(THE DATA)

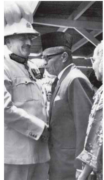
เซอร์อเล็กซานเดอร์ แวดเดลล์ ข้าหลวงใหญ่ของอังกฤษคนสุดท้าย กล่าวอำลาสิ้นสุดการปกครองของอังกฤษในซาราวัก ค.ศ. 1963

เมื่อวันที่ 31 กรกฎาคม ตนกูอัปดุลราห์มานและแมคมิลแลนลงนามในข้อตกลงให้โอนอำนาจการปกครองของอังกฤษในบอร์เนียวเหนือ ซาราวักและสิงคโปร์ ในวันที่ 31 สิงหาคม ค.ศ. 1963 ซึ่งมีผลให้เกิดสหพันธรัฐใหม่แห่งมาเลเซีย และตกลงกันด้วยว่าควรจัดตั้งคณะกรรมการระหว่างรัฐบาลภายใต้ความควบคุมของเอิร์ลแลนส์ดาวน์ เพื่อดำเนินงานจัดเตรียมรัฐธรรมนูญที่จำเป็นต่อการคุ้มครองผลประโยชน์พิเศษของรัฐบอร์เนียวทั้งหลาย ข้อเสนอเหล่านี้เกิดจากความแตกต่างอย่างมากระหว่างมาเลเซียตะวันออกและตะวันตกในด้านพัฒนาทางการเมืองและเศรษฐกิจ และด้านการศึกษา ที่สำคัญเช่น มหาวิทยาลัยและสถาบันศึกษาชั้นสูงทั้งหลาย รวมทั้งศูนย์ค้นคว้าวิจัยต่างๆ ล้วนอยู่ในเขตตะวันตกทั้งหมด นอกจากนี้รัฐต่างๆ ในบอร์เนียวยังคัดค้านการให้ศาสนาอิสลามเป็นศาสนาประจำชาติและการใช้ภาษามลายูเป็นภาษาราชการเพียงภาษาเดียว อีกทั้งเรียกร้องให้รับรองฐานะพิเศษของชนพื้นเมืองของบอร์เนียว เพื่อให้มีการป้องกันอย่างเพียงพอสำหรับการอพยพพลัดถิ่นเข้ามาในบอร์เนียว โดยเฉพาะชาวจีน
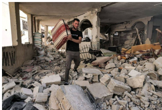
תיעוד ההרס במחנה הפליטים ג'נין
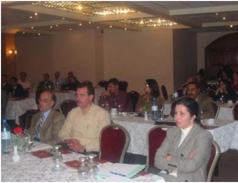
انطلاق مجلس الشاحنين الفلسطيني في فندق جراند بارك - 11 نيسان

(End THE DATA)

- **WHAT IS REQUIRED**
Retype the listing exactly. Pictures do not belong in the copy.

- **TASK RESPONSE**
เซอร์อเล็กซานเดอร์ แวดเดลล์ ข้าหลวงใหญ่ของอังกฤษคนสุดท้าย กล่าวอำลาสิ้นสุดการปกครองของอังกฤษในซาราวัก ค.ศ. 1963

เมื่อวันที่ 31 กรกฎาคม ตนกูอัปดุลราห์มานและแมคมิลแลนลงนามในข้อตกลงให้โอนอำนาจการปกครองของอังกฤษในบอร์เนียวเหนือ ซาราวักและสิงคโปร์ ในวันที่ 31 สิงหาคม ค.ศ. 1963 ซึ่งมีผลให้เกิดสหพันธรัฐใหม่แห่งมาเลเซีย และตกลงกันด้วยว่าควรจัดตั้งคณะกรรมการระหว่างรัฐบาลภายใต้ความควบคุมของเอิร์ลแลนส์ดาวน์ เพื่อดำเนินงานจัดเตรียมรัฐธรรมนูญที่จำเป็นต่อการคุ้มครองผลประโยชน์พิเศษของรัฐบอร์เนียวทั้งหลาย ข้อเสนอเหล่านี้เกิดจากความแตกต่างอย่างมากระหว่างมาเลเซียตะวันออกและตะวันตกในด้านพัฒนาทางการเมืองและเศรษฐกิจ และด้านการศึกษา ที่สำคัญเช่น มหาวิทยาลัยและสถาบันศึกษาชั้นสูงทั้งหลาย รวมทั้งศูนย์ค้นคว้าวิจัยต่างๆ ล้วนอยู่ในเขตตะวันตกทั้งหมด นอกจากนี้รัฐต่างๆ ในบอร์เนียวยังคัดค้านการให้ศาสนาอิสลามเป็นศาสนาประจำชาติและการใช้ภาษามลายูเป็นภาษาราชการเพียงภาษาเดียว อีกทั้งเรียกร้องให้รับรองฐานะพิเศษของชนพื้นเมืองของบอร์เนียว เพื่อให้มีการป้องกันอย่างเพียงพอสำหรับการอพยพพลัดถิ่นเข้ามาในบอร์เนียว โดยเฉพาะชาวจีน
תיעוד ההרס במחנה הפליטים ג'נין
انطلاق مجلس الشاحنين الفلسطيني في فندق جراند بارك - 11 نيسان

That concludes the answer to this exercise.